(To do)
For the material below, output exactly the span from the line with "पंजाब: पंजाब सरकार" to the line with "금가격이 오랜만에 하향세이다.", including both, and nothing besides.

(Listed records)
════════════════

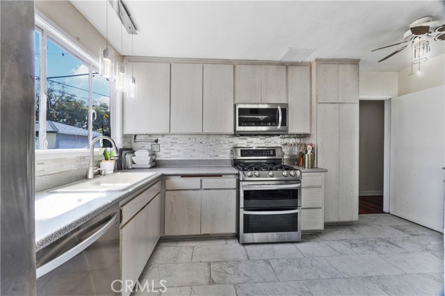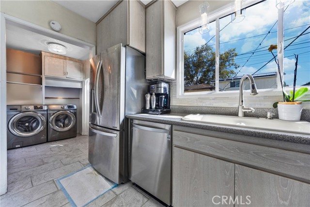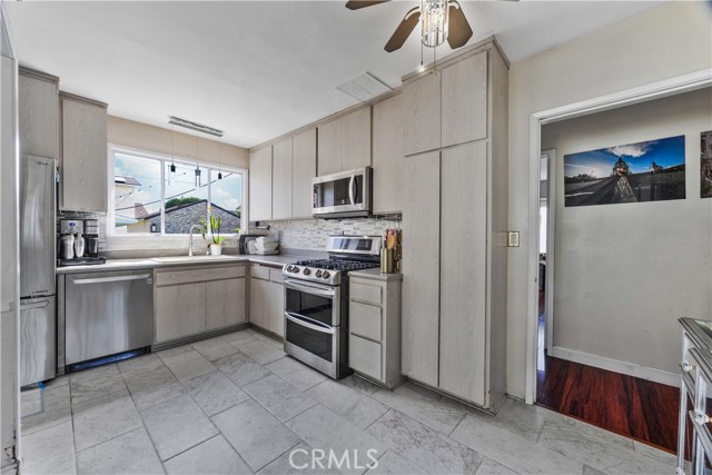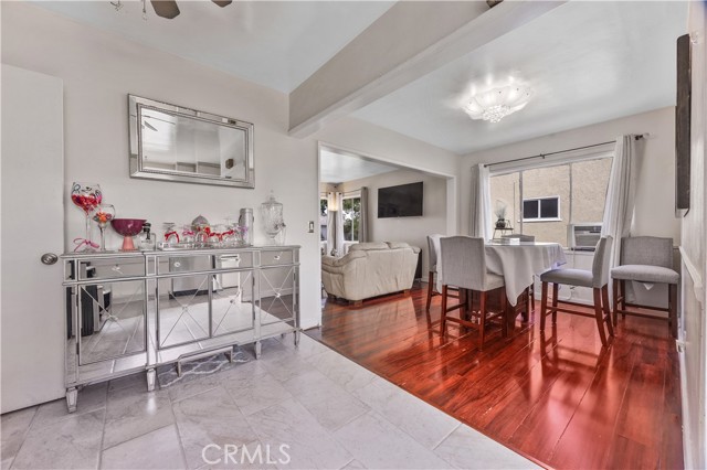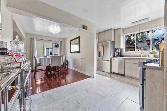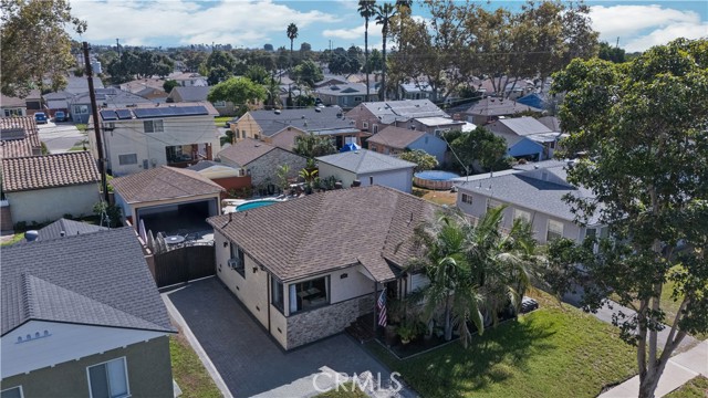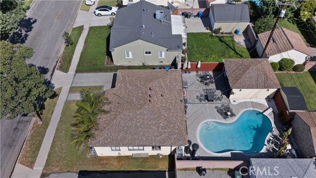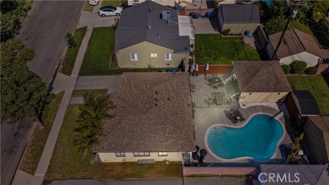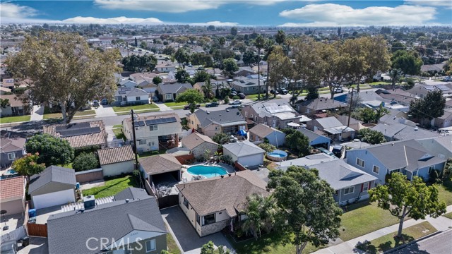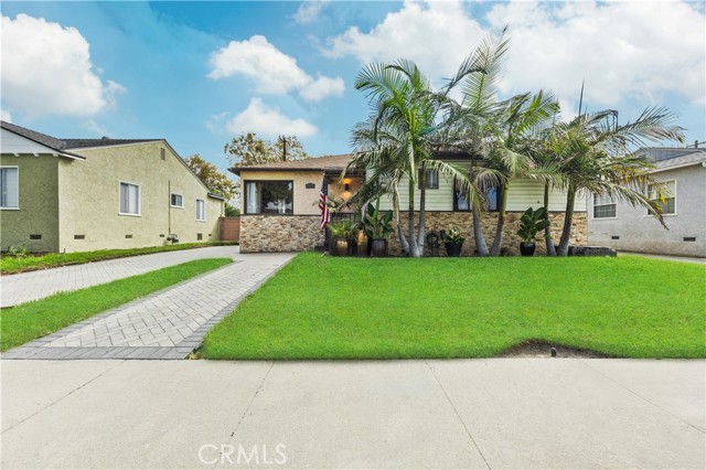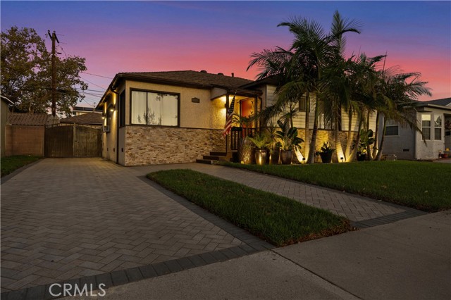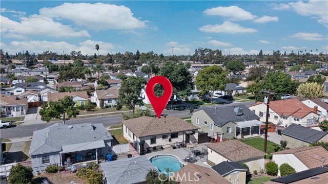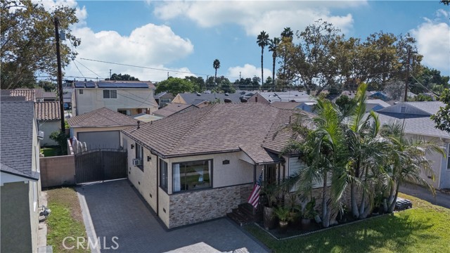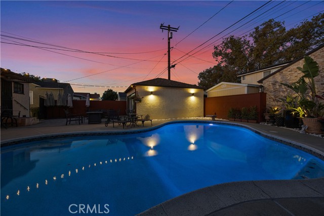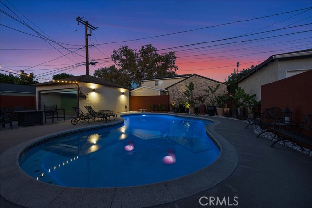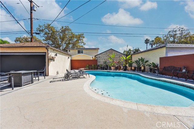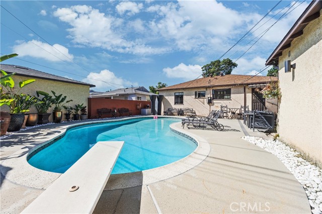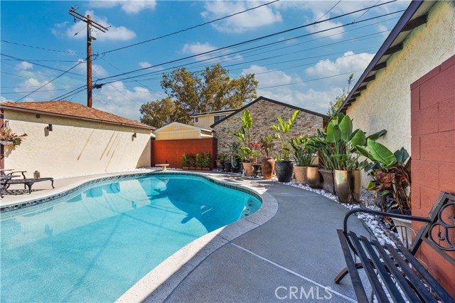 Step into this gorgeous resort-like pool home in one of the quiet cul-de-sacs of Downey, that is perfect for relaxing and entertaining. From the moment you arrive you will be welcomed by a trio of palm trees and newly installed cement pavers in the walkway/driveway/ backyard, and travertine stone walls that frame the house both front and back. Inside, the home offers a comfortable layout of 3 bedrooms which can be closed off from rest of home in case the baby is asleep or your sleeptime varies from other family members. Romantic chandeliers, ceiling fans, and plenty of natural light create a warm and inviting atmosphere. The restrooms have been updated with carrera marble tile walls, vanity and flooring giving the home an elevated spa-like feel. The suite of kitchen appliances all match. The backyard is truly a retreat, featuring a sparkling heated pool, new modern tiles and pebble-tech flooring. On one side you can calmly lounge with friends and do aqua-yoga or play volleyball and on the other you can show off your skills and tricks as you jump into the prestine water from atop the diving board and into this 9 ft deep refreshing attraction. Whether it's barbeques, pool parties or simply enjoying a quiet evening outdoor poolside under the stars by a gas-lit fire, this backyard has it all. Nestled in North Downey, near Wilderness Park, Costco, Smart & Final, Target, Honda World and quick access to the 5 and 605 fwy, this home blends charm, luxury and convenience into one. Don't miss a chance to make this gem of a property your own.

════════════════

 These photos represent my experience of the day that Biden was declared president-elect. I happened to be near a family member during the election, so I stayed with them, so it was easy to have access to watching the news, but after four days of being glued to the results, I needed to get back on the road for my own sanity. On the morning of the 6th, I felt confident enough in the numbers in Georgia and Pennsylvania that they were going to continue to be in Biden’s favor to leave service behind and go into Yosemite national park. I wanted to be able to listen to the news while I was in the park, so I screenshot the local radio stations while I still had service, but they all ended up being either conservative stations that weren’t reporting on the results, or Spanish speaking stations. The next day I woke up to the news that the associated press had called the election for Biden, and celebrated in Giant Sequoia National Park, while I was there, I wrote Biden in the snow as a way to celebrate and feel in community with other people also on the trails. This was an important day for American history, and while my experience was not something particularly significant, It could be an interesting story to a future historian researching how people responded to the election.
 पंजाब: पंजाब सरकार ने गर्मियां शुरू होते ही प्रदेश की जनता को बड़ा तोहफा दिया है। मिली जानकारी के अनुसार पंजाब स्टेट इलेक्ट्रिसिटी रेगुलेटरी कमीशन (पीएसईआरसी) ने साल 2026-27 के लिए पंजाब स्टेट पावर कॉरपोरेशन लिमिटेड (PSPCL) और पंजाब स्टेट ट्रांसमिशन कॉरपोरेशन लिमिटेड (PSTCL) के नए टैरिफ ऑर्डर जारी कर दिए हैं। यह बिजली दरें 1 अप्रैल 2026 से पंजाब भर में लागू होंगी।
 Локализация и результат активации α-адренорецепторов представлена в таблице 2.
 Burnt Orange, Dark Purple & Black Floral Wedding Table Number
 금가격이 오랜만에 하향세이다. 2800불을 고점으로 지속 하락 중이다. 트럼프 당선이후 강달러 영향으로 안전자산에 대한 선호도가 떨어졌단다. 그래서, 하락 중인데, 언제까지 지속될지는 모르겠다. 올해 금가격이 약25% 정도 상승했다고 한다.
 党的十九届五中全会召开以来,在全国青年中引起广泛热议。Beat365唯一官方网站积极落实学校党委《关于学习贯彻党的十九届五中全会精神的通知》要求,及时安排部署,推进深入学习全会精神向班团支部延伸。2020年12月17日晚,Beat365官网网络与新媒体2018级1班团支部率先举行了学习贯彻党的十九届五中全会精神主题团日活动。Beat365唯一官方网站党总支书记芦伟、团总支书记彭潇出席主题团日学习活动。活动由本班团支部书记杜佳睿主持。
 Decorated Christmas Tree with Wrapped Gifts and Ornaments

════════════════

(Exercise response)
 पंजाब: पंजाब सरकार ने गर्मियां शुरू होते ही प्रदेश की जनता को बड़ा तोहफा दिया है। मिली जानकारी के अनुसार पंजाब स्टेट इलेक्ट्रिसिटी रेगुलेटरी कमीशन (पीएसईआरसी) ने साल 2026-27 के लिए पंजाब स्टेट पावर कॉरपोरेशन लिमिटेड (PSPCL) और पंजाब स्टेट ट्रांसमिशन कॉरपोरेशन लिमिटेड (PSTCL) के नए टैरिफ ऑर्डर जारी कर दिए हैं। यह बिजली दरें 1 अप्रैल 2026 से पंजाब भर में लागू होंगी।
 Локализация и результат активации α-адренорецепторов представлена в таблице 2.
 Burnt Orange, Dark Purple & Black Floral Wedding Table Number
 금가격이 오랜만에 하향세이다. 2800불을 고점으로 지속 하락 중이다. 트럼프 당선이후 강달러 영향으로 안전자산에 대한 선호도가 떨어졌단다. 그래서, 하락 중인데, 언제까지 지속될지는 모르겠다. 올해 금가격이 약25% 정도 상승했다고 한다.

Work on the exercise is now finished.